Typically we go to respected companies which don’t misuse people by paying something on paper and something else otherwise. We deal only with those companies which are very straight, very compliant and progressive in their outlook.

Second thing we’ve done, which we struggled with in the beginning, is that we don’t ask people to relocate. If your home is in Meerut, then you’ll find employment in Meerut. We don’t want to send someone to Mumbai and then try to figure out where to make him live.

So the whole idea is to take the person to the site where it makes sense for him. If it doesn’t make sense in that catchment area, we don’t do our programme there. We have quite a few programmes around Chennai, many around Mumbai and even near Patna.

 

How old is your programme now?

From the concept, back from when we failed, it is five years at least. For two years we didn’t succeed. You learn from your failures.

Then you connected with Doctors For You and that’s how you succeeded?

Yes.

 

The kind of people that come to you, do they come from a zero education base?

Most of the people that come are either illiterate or with less than an eighth grade education and unable to find a job.

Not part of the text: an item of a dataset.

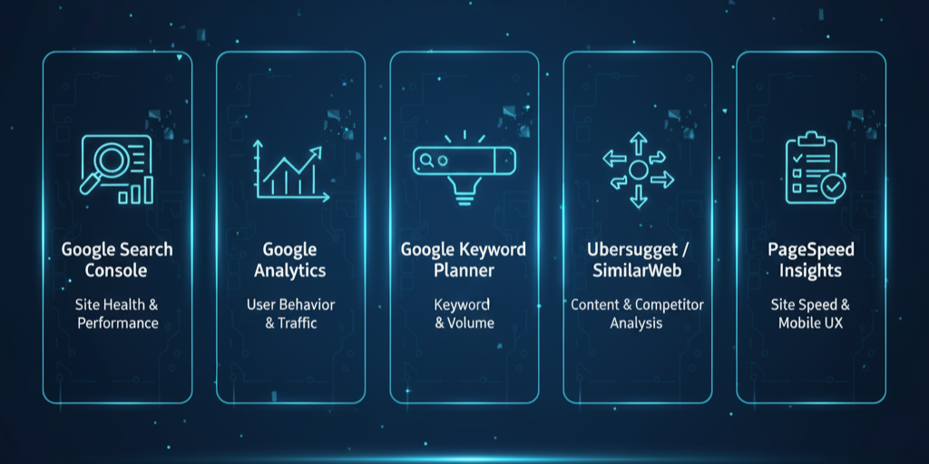 SEO対策を効率的に進めるには、適切なツールの活用が不可欠です。ここでは、初心者でも使いやすい無料(または無料プランがある)ツールを5つご紹介します。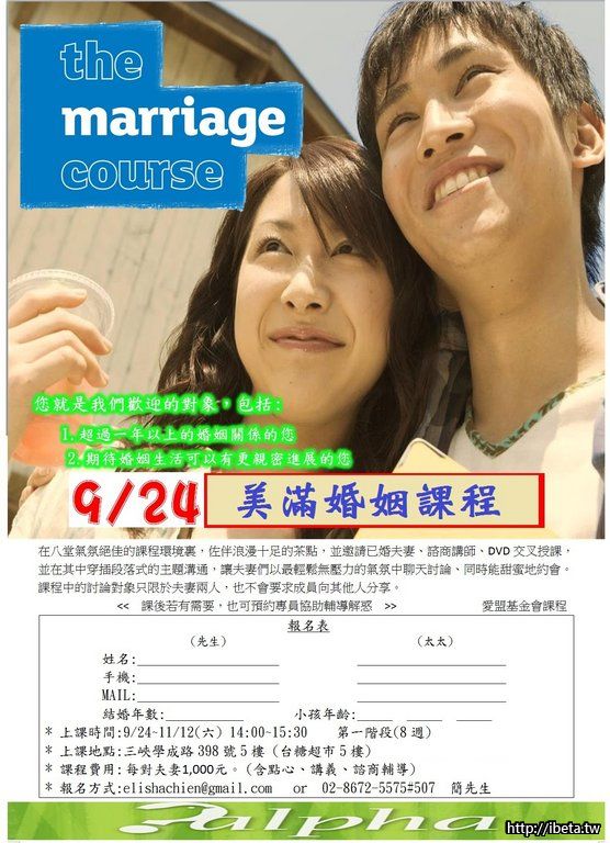敬邀參加 105/9/24(六) 起之美滿婚姻課程~婚姻保鮮秘笈 - 八堂浪漫約會

Not all of them are young, interestingly. Quite a few women come and there is a reason behind that.

I remember a woman in Govandi who was nearly 50 years old when she came for this programme. She had lost her husband and didn’t have any means of livelihood. For her it meant a job in Phoenix Mall in Kurla, Mumbai.

 

And in her state she might have ended up working as a maid in a house.

Absolutely. Or doing some kind of illegal activity. It’s not that people like to do it, but they end up in that cycle because of their circumstances.

 

Here, instead, you get formal employment.

I tell you, whenever I interact with them, I come back humbled. The lady I was talking about, she was proud of being a cleaner. That is the kind of people we love to work with.

We have a programme for upgrading people, which is about to start. People who have learnt what we taught them and have the right attitude will after a couple of years be taught better skills. Some of them can be upgraded to housekeeping, others to food safety. But I am not an etiquette school. What I can do is help them by giving them technical skills. For example, a guy who we’ve trained knows that it is important to wash your hands. If he goes to a hotel with a food handler’s certification, I am sure hotels won’t say that they don’t want him there.

Thankfully, after working for years in this space, we have a reputation which helps. When our trainees get certificates that say, ‘Diversey trained’, it carries weight. It carries enough weight to get them a job. It takes them a long way.

 

How many people have you trained?

So far, we’ve trained about 18,000 people.

 

So roughly 6,000 people a year. How many trainers do you have?

We have 12-13 trainers. They are supported by eight to10 mobilisers who go into the communities.

 

The average salary works out to be?

The minimum salary is Rs 7,500. It varies according to state laws.

 

So Rs 7,500 upwards?

Yes. What we’re doing is encouraging our partners. I keep talking to their CEOs. I encourage them to pay these guys higher than the minimum wage but I have not made enough headway in that space. It is my self-imposed objective that the people who go with the Diversey certificate get about 20 percent more than the market rate. I still need to convince a few companies to do that. But I’m sure it’ll happen. It is all about productivity. It is not about the number of heads you have.